→ **Provided material**:
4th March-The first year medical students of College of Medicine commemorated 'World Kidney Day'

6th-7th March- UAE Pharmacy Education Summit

==

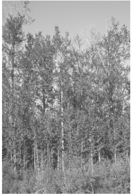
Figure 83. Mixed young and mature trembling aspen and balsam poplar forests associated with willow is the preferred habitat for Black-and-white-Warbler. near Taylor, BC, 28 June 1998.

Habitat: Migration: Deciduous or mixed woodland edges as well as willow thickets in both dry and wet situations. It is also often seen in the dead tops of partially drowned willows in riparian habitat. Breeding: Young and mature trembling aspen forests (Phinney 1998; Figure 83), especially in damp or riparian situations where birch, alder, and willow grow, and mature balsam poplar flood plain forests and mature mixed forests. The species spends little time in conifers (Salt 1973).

→ **Directions**:
Transcribe each line of the data above, unaltered, from the one where "Figure 83. Mixed" appears to the one where "Habitat: Migration: Deciduous" appears, inclusive of both.

→ **Solution**:
Figure 83. Mixed young and mature trembling aspen and balsam poplar forests associated with willow is the preferred habitat for Black-and-white-Warbler. near Taylor, BC, 28 June 1998.

Habitat: Migration: Deciduous or mixed woodland edges as well as willow thickets in both dry and wet situations. It is also often seen in the dead tops of partially drowned willows in riparian habitat. Breeding: Young and mature trembling aspen forests (Phinney 1998; Figure 83), especially in damp or riparian situations where birch, alder, and willow grow, and mature balsam poplar flood plain forests and mature mixed forests. The species spends little time in conifers (Salt 1973).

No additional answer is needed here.